What to do:
Set down exact lines only, from the line with "Second floor offers" through the last line of the material below, with every picture left out.

Listed entries:
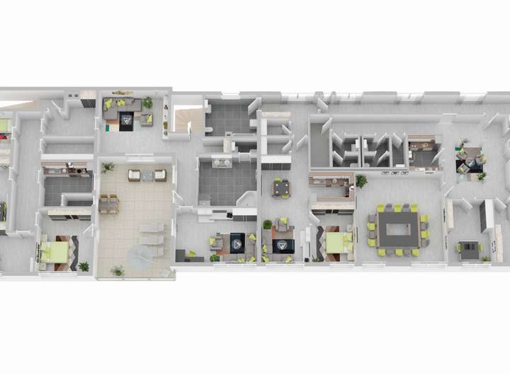 Die zentrale Lage macht das Gebäude besonders interessant für gewerbliche Nutzer, gleichzeitig eröffnet die flexible Gebäudestruktur auch Potenzial für alternative Nutzungskonzepte. So ist eine Umnutzung zu reiner Wohnfläche grundsätzlich möglich.
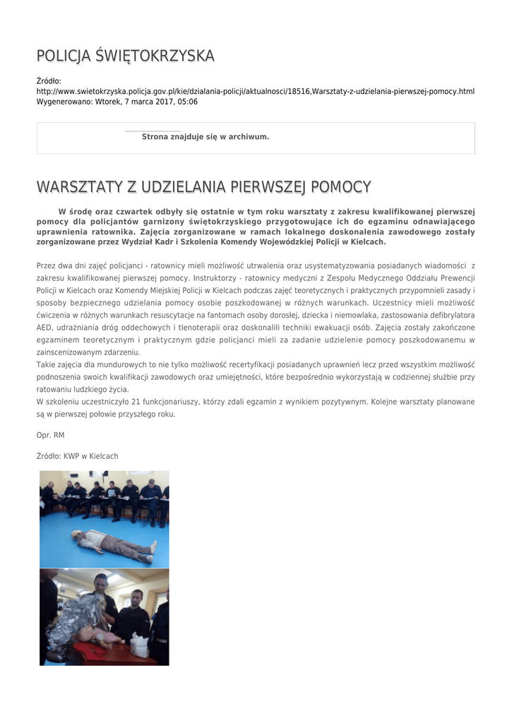 POLICJA ŚWIĘTOKRZYSKA Źródło: http://www.swietokrzyska.policja.gov.pl/kie/dzialania-policji/aktualnosci/18516,Warsztaty-z-udzielania-pierwszej-pomocy.html Wygenerowano: Wtorek, 7 marca 2017, 05:06 Strona znajduje się w archiwum. WARSZTATY Z UDZIELANIA PIERWSZEJ POMOCY W środę oraz czwartek odbyły się ostatnie w tym roku warsztaty z zakresu kwalifikowanej pierwszej pomocy dla policjantów garnizony świętokrzyskiego przygotowujące ich do egzaminu odnawiającego uprawnienia ratownika. Zajęcia zorganizowane w ramach lokalnego doskonalenia zawodowego zostały zorganizowane przez Wydział Kadr i Szkolenia Komendy Wojewódzkiej Policji w Kielcach. Przez dwa dni zajęć policjanci - ratownicy mieli możliwość utrwalenia oraz usystematyzowania posiadanych wiadomości z zakresu kwalifikowanej pierwszej pomocy. Instruktorzy - ratownicy medyczni z Zespołu Medycznego Oddziału Prewencji Policji w Kielcach oraz Komendy Miejskiej Policji w Kielcach podczas zajęć teoretycznych i praktycznych przypomnieli zasady i sposoby bezpiecznego udzielania pomocy osobie poszkodowanej w różnych warunkach. Uczestnicy mieli możliwość ćwiczenia w różnych warunkach resuscytacje na fantomach osoby dorosłej, dziecka i niemowlaka, zastosowania defibrylatora AED, udrażniania dróg oddechowych i tlenoterapii oraz doskonalili techniki ewakuacji osób. Zajęcia zostały zakończone egzaminem teoretycznym i praktycznym gdzie policjanci mieli za zadanie udzielenie pomocy poszkodowanemu w zainscenizowanym zdarzeniu. Takie zajęcia dla mundurowych to nie tylko możliwość recertyfikacji posiadanych uprawnień lecz przed wszystkim możliwość podnoszenia swoich kwalifikacji zawodowych oraz umiejętności, które bezpośrednio wykorzystają w codziennej służbie przy ratowaniu ludzkiego życia. W szkoleniu uczestniczyło 21 funkcjonariuszy, którzy zdali egzamin z wynikiem pozytywnym. Kolejne warsztaty planowane są w pierwszej połowie przyszłego roku. Opr. RM Źródło: KWP w Kielcach Ocena: 0/5 (0) Tweetnij
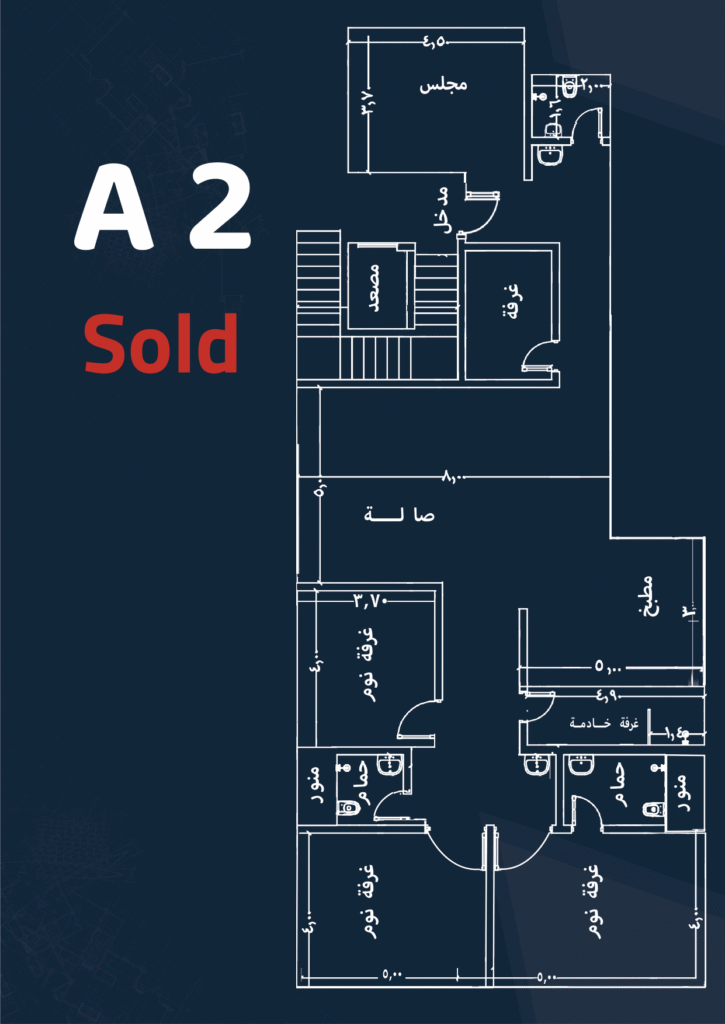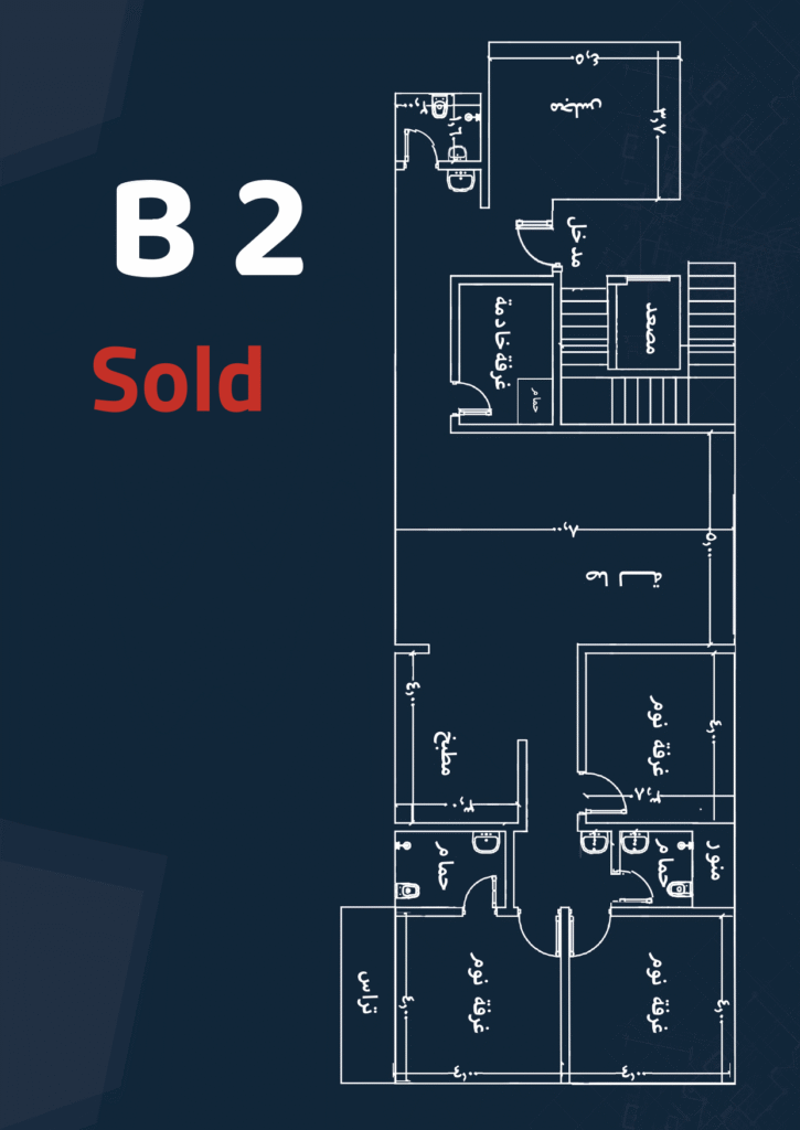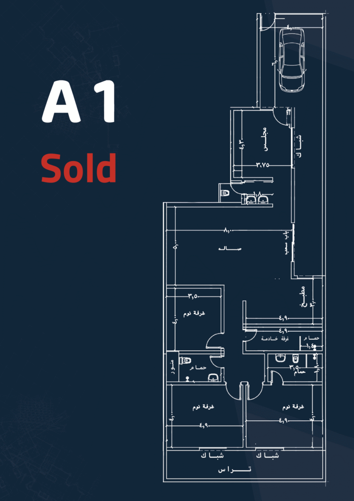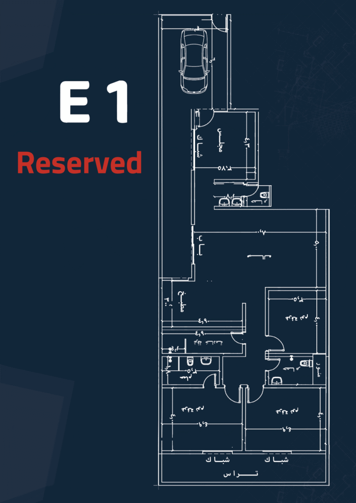 Specifications: Front façade – Maid’s and laundry room – 4 bedrooms – 4 bathrooms – Living room – Majlis – Private parking – Driver’s room – Kitchen.
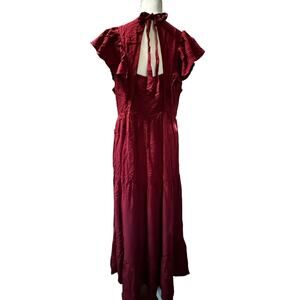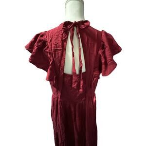 Shirt Ruffled Sleeve Romantic Maxi Burgundy Dress Ruched Chest and Open Back
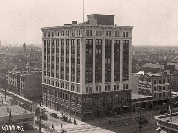 Originally intended to be a seven-storey building, during construction the decision was made to increase its height by an additional two floors. The building sat on the western periphery of the downtown business district until the Hudson’s Bay Company built its department store west of it, in 1925.
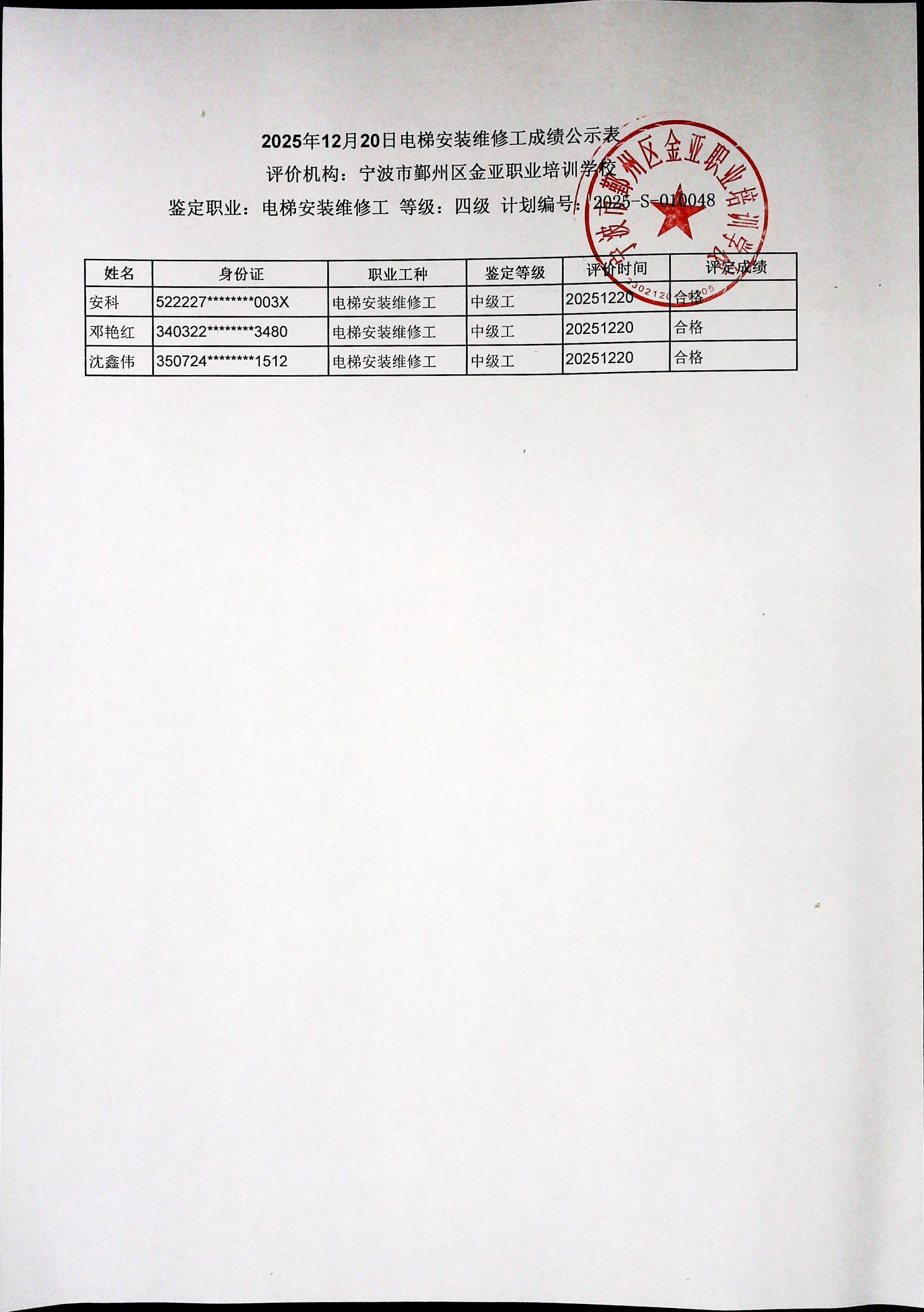 金亚职业技能等级认定考试圆满结束,考试成绩结果予以公布!1.公示期限为5个工作日,自公示之日算起(2025年12月22日-2025年12月26日);
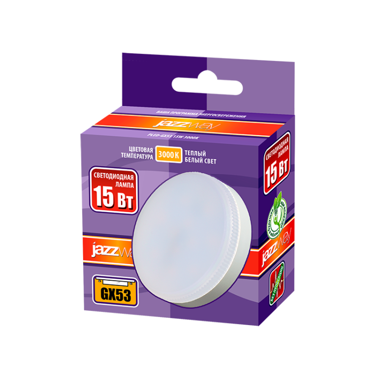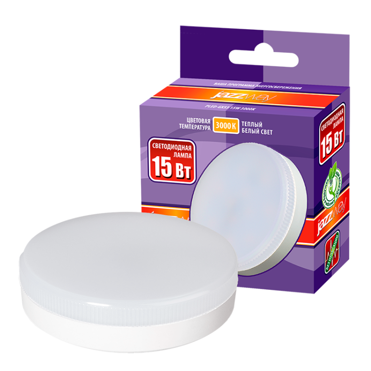 Лампа светодиодная 15 Вт GX53 3000К таблетка, тёплый белый
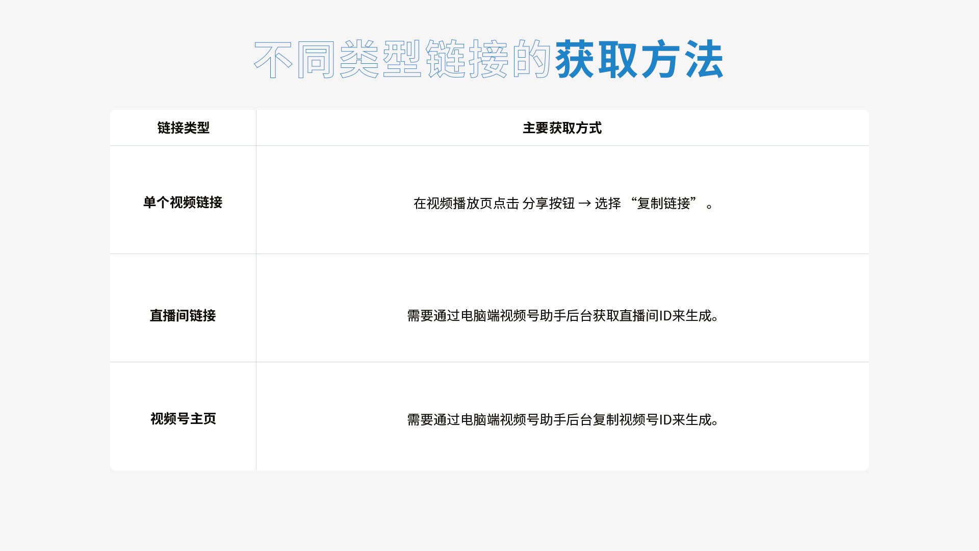 2. 对于直播间链接和主页链接,你都需要在后台找到并复制对应的视频号ID。
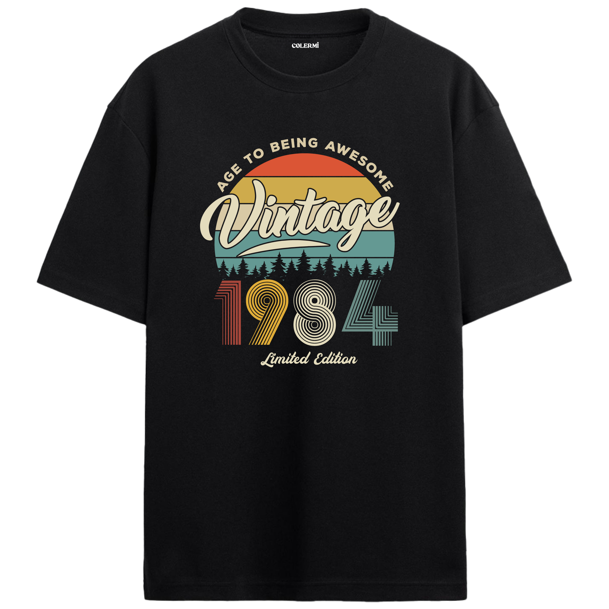 1984 Nostalgia Oversized T-Shirt - Retro Sunset Nature Silhouette Design
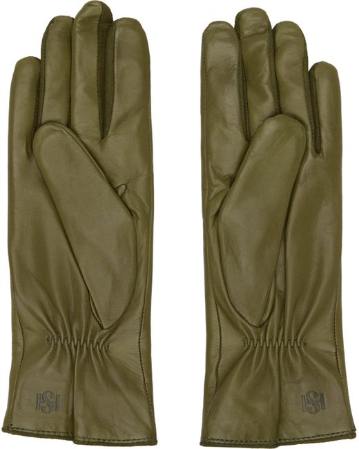 Grained nappa leather gloves. · Suede trim at fingers · Partially elasticized wrist · Notch at top wrist · Embossed logo at back wrist · Full knit cashmere-blend lining Supplier color: Olive
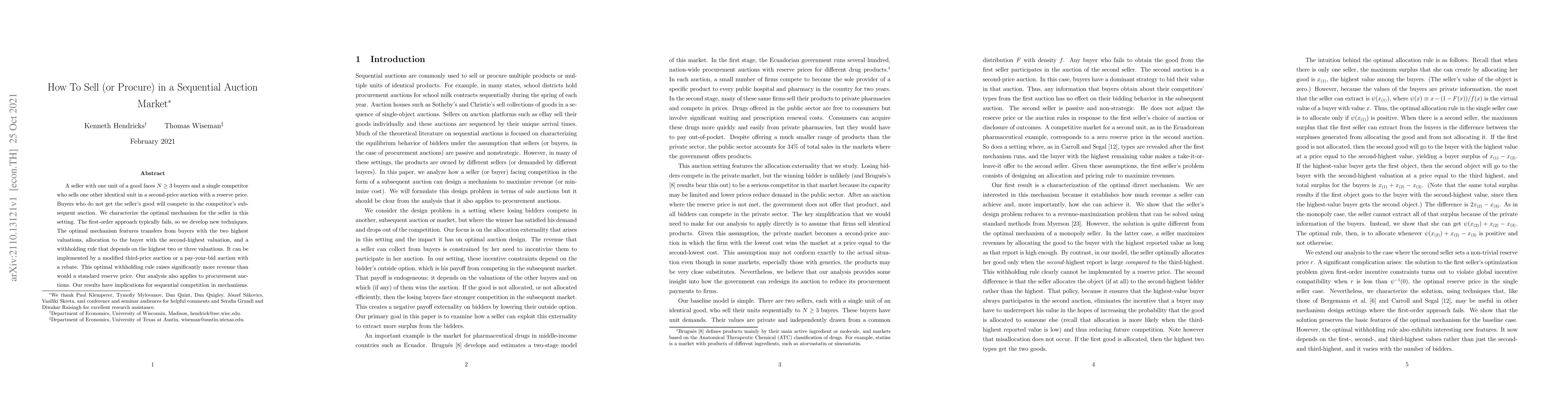A seller with one unit of a good faces N\geq3 buyers and a single competitor who sells one other identical unit in a second-price auction with a reserve price. Buyers who do not get the seller's good will compete in the competitor's subsequent auction. We characterize the optimal mechanism for the seller in this setting. The first-order approach typically fails, so we develop new techniques. The optimal mechanism features transfers from buyers with the two highest valuations, allocation to the buyer with the second-highest valuation, and a withholding rule that depends on the highest two or three valuations. It can be implemented by a modified third-price auction or a pay-your-bid auction with a rebate. This optimal withholding rule raises significantly more revenue than would a standard reserve price. Our analysis also applies to procurement auctions. Our results have implications for sequential competition in mechanisms.
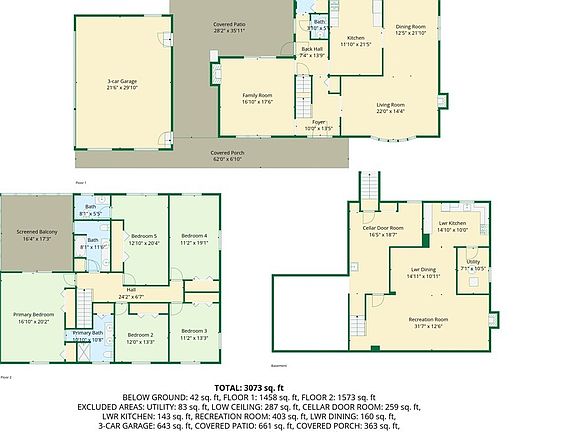 Second floor offers a primary bedroom with full bath and private enclosed deck. The other 4 bedrooms are generous in size with one of the bedrooms having a half bath. bath. All bedrooms offer excellent storage.
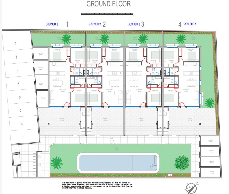 De buitenkant van deze woningen is ontworpen om optimaal te genieten van het mediterrane klimaat. Elke bungalow beschikt over een eigen tuin, perfect voor het creëren van een persoonlijke groene ruimte of om te genieten van momenten in de buitenlucht. De ruime terrassen bieden een ideale plek om te ontspannen of te delen met vrienden en familie, terwijl het solarium extra ruimte biedt om te zonnebaden of van het uitzicht te genieten. De gemeenschap beschikt ook over gemeenschappelijke tuinen, wat een vleugje natuur en frisheid toevoegt aan de omgeving.
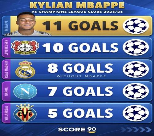 榜单一:姆巴佩对比欧冠球队进球(2025/26)

Task result:
 Second floor offers a primary bedroom with full bath and private enclosed deck. The other 4 bedrooms are generous in size with one of the bedrooms having a half bath. bath. All bedrooms offer excellent storage.
 De buitenkant van deze woningen is ontworpen om optimaal te genieten van het mediterrane klimaat. Elke bungalow beschikt over een eigen tuin, perfect voor het creëren van een persoonlijke groene ruimte of om te genieten van momenten in de buitenlucht. De ruime terrassen bieden een ideale plek om te ontspannen of te delen met vrienden en familie, terwijl het solarium extra ruimte biedt om te zonnebaden of van het uitzicht te genieten. De gemeenschap beschikt ook over gemeenschappelijke tuinen, wat een vleugje natuur en frisheid toevoegt aan de omgeving.
 榜单一:姆巴佩对比欧冠球队进球(2025/26)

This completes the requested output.